Kids Night Out features Hollywood royalty and so much more
03/25/2014 6:52 PM
03/25/2014 6:53 PM
Dinner. Drinks. Al Pacino.
A little taste of Hollywood glamour is coming to Kansas City this week. And all for a good cause — to raise money to help disadvantaged youth.
Kids Night Out, the biggest fundraiser of the year for the Boys & Girls Clubs of Greater Kansas City, is being held at the Overland Park Convention Center on Friday evening.
Attendees — shelling out $500 for an individual ticket up to $25,000 for a special package with 20 tickets to attend the affair — will be treated to dinner, live and silent auctions and a musical performance by Blue Springs High School senior Malena Marcase.
The 18-year-old will sing “Children Will Listen,” from the Broadway musical “Into the Woods” as a few teenagers from the Kansas City area provide heartfelt testimony on how the organization has benefited them over the years.
“It’s so cool because I know this event is really important for Kansas City,” Marcase said. “It will be interesting to hear firsthand what these kids are going through and how Boys & Girls has helped them.”
Toward the end of the program, a reporter from Rolling Stone magazine will interview the celebrity guest, Pacino, about his film career.
The annual event is a major contributor to the Boys & Girls Clubs of Greater Kansas City’s annual budget, bringing in more than $1 million last year alone.
And every penny counts, said David Smith, the organization’s president.
Money raised at Kids Night Out supports the operating budget for its five local Boys & Girls Clubs that serve nearly 1,000 kids daily.
Smith estimates it costs around $2,500 to support each child per year for all of the organization’s programs, events and activities.
To encourage big spenders to attend the fundraiser, organizers seek impressive celebrities to draw a crowd. In its nearly 20-year history, Kids Night Out has featured special guests such as John Travolta, Michael Douglas, Julie Andrews and cast members from the ABC hit show “Modern Family.”
“We look for iconic levels of celebrities and personalities,” Smith said. “We want someone who will bring in patrons and dollars because our ultimate goal is to raise money for our kids.”

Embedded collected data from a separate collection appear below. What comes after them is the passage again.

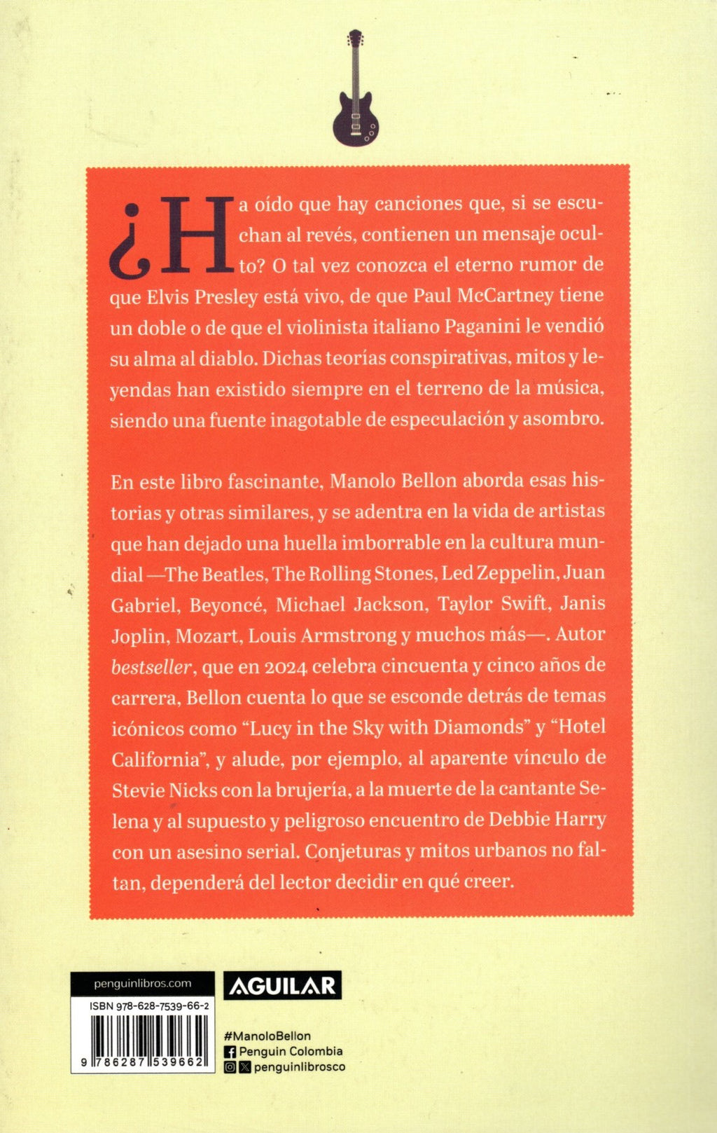 En este libro fascinante, Manolo Bellon aborda esas historias y otras similares, y se adentra en la vida de artistas que han dejado una huella imborrable en la cultura mundial -The Beatles, The Rolling Stones, Led Zeppelin, Juan Gabriel, Beyoncé, Michael Jackson, Taylor Swift, Janis Joplin, Mozart, Louis Armstrong y muchos más-. Autor bestseller, que en 2024 celebra cincuenta y cinco años de carrera, Bellon cuenta lo que se esconde detrás de temas icónicos como "Lucy in the Sky with Diamonds" y "Hotel California", y alude, por ejemplo, al aparente vínculo de Stevie Nicks con la brujería, a la muerte de la cantante Se lena y al supuesto y peligroso encuentro de Debbie Harry con un asesino serial. Conjeturas y mitos urbanos no faltan, dependerá del lector decidir en qué creer.
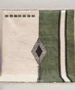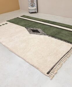 Zayd– Moroccan Beni Ourain Rug Green and White – Custom Geometric Berber Rug
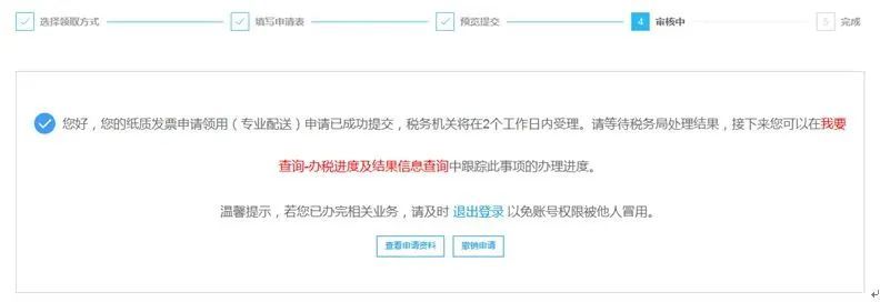可以点击【查看我的申请资料】按钮查看申请。若填写信息有误,且税务机关尚未受理的话,也可以点击【撤销】按钮进行撤销的哦!

Another highlight of the event is the live auction.
This year, it will feature top-shelf items such as tropical getaways, personal dinners from top Kansas City chefs, and a photo shoot with Pacino.
“It’s really a unique auction because these are one-of-a-kind items,” Smith said. “The energy during the live auction is electric and exciting. It’s really a lot of fun.”
But the event is more than rubbing elbows with Hollywood royalty and raising money, Smith said.
“It’s about raising awareness,” he said simply.
After all, most people know the organization’s name but they don’t know much about the specific ways the Boys & Girls Clubs has helped Kansas City youth in the past 102 years, he pointed out.
The organization has five Kansas City area facilities — with a sixth one coming soon to Olathe — in high-need areas where median family income averages $25,000.
It offers youth sports, such as baseball, basketball, soccer, wrestling and weight training. It provides nutritional programs, focusing on the benefits of healthy eating and exercise.
In the summer, several Kansas City area teachers volunteer their expertise and time to run a summer school for kids slipping behind on their grades.
In addition to academics, the organization tries to make the summer program fun by offering field trips, speakers and activities. There is also a summer fair held at the end of summer.
Other events throughout the year include field trips to sporting events and community service projects.
“There are so many kids who live in circumstances where they aren’t receiving the preparation to be productive citizens,” Smith said. “There is a critical mass of kids in our core without the proper resources to succeed in life. These kids have dreams and aspirations and they just need the opportunity to grow those talents.”
At the end of the day, its mission is simple.
“Our primary goal is that 100 percent of our active members graduate from high school,” he said. “It’s very sad that in 2014 that has to be our goal. But the state of public education in urban areas around the nation is unfortunate.”